Et elle continua sa route en pressant le pas, joyeuse comme un oiseau qui revole à son premier nid.

Tout à coup la neige tomba avec abondance. Musette chercha des yeux si elle ne trouverait pas une voiture. Elle n'en rencontra point. Comme elle se trouvait précisément dans la rue où demeurait son amie Madame Sidonie, celle-là qui lui avait fait parvenir la lettre de Marcel, Musette eut l'idée d'entrer un instant chez cette femme pour attendre que le temps lui permît de continuer sa route.

Quand Musette entra chez Madame Sidonie, elle y trouva une nombreuse compagnie. On y continuait un lansquenet commencé depuis trois jours.

– Ne vous dérangez pas, dit Musette, je ne fais qu'entrer et sortir.

– Tu as reçu la lettre de Marcel? lui dit bas à l'oreille Madame Sidonie.

– Oui, répondit Musette, merci; je vais chez lui; il m'invite à dîner.
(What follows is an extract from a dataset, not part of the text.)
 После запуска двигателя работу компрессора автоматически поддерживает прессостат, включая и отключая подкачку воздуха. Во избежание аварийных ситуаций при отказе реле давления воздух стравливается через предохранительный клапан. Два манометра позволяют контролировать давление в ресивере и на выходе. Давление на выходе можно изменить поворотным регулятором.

Veux-tu venir avec moi? Tu t'amuseras bien.

– Eh! Non, je ne peux pas, fit Sidonie en montrant la table de jeu, et mon terme?

– Il y a six louis, dit tout haut le banquier qui tenait les cartes.
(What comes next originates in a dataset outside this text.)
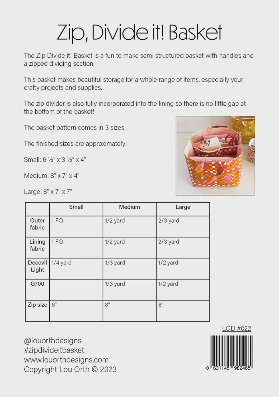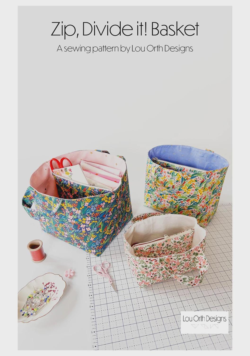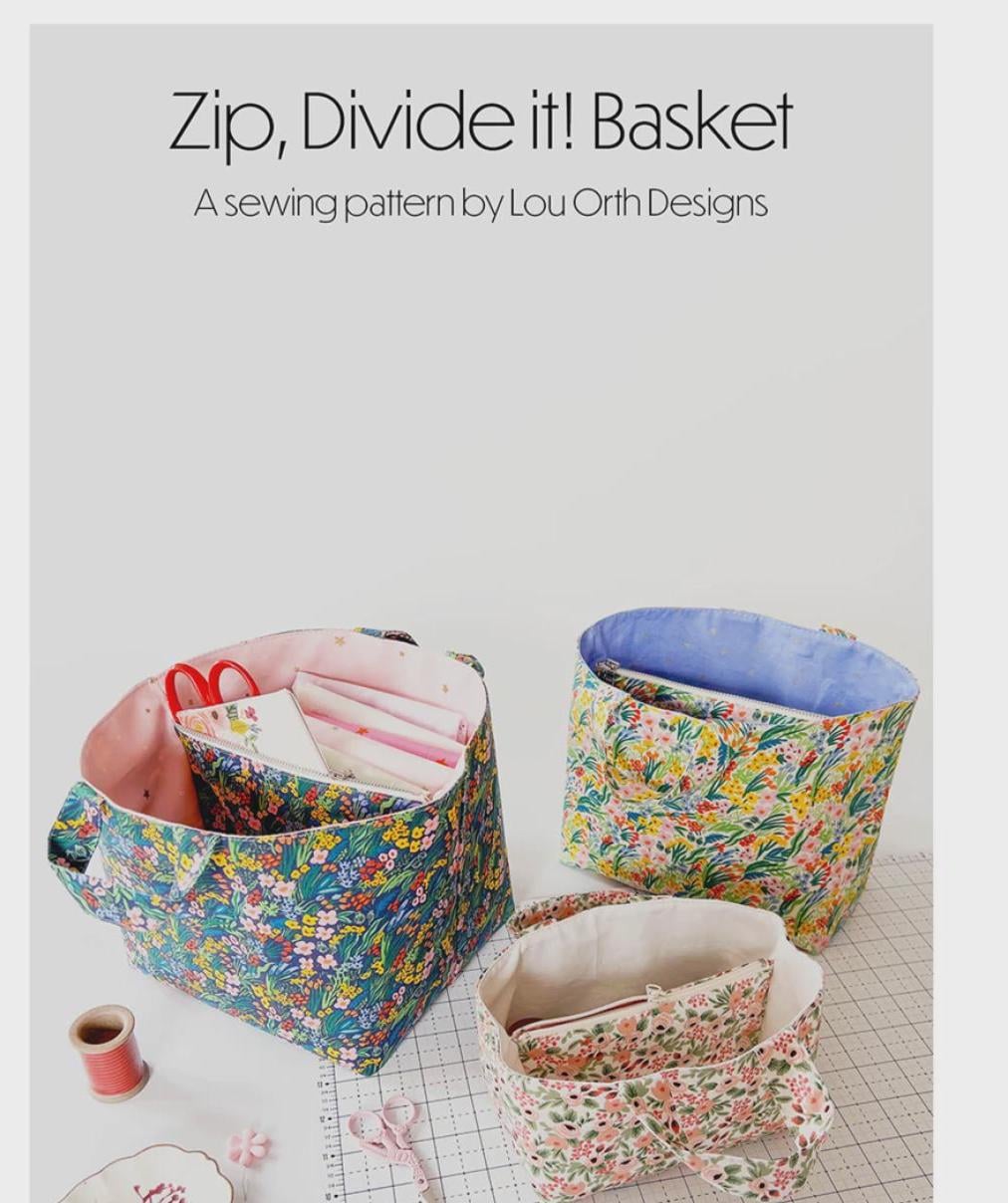 The Zip Divide it basket is a fun to make medium structured basket with handles and a zippered divided section.

– J'en fais deux! s'écria Madame Sidonie.

– Je ne suis pas fier, je pars pour deux, répondit le banquier, qui avait déjà passé plusieurs fois. Roi et as. Je suis flambé! continua-t-il en faisant tomber les cartes, tous les rois sont morts…
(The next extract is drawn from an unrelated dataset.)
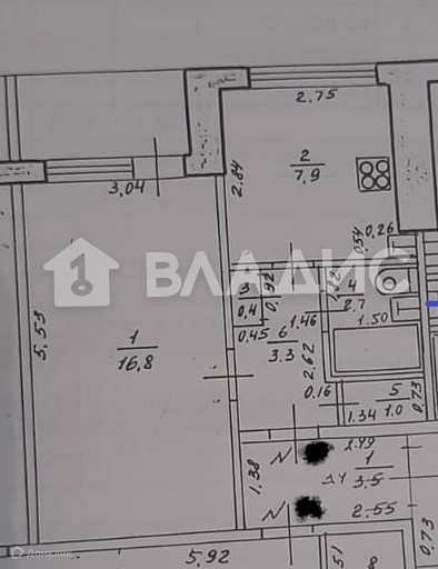 Жилая площадь 16.8 м2

– On ne parle pas politique, fit un journaliste.

– Et l'as est l'ennemi de ma famille, acheva le banquier, qui retourna encore un roi. Vive le roi! s'écria-t-il. Ma mie Sidonie, envoyez-moi deux louis.

– Mets-les dans ta mémoire, fit Sidonie, furieuse d'avoir perdu.

– Ça fait cinq cents francs que vous me devez, petite, dit le banquier. Vous irez à mille. Je passe la main.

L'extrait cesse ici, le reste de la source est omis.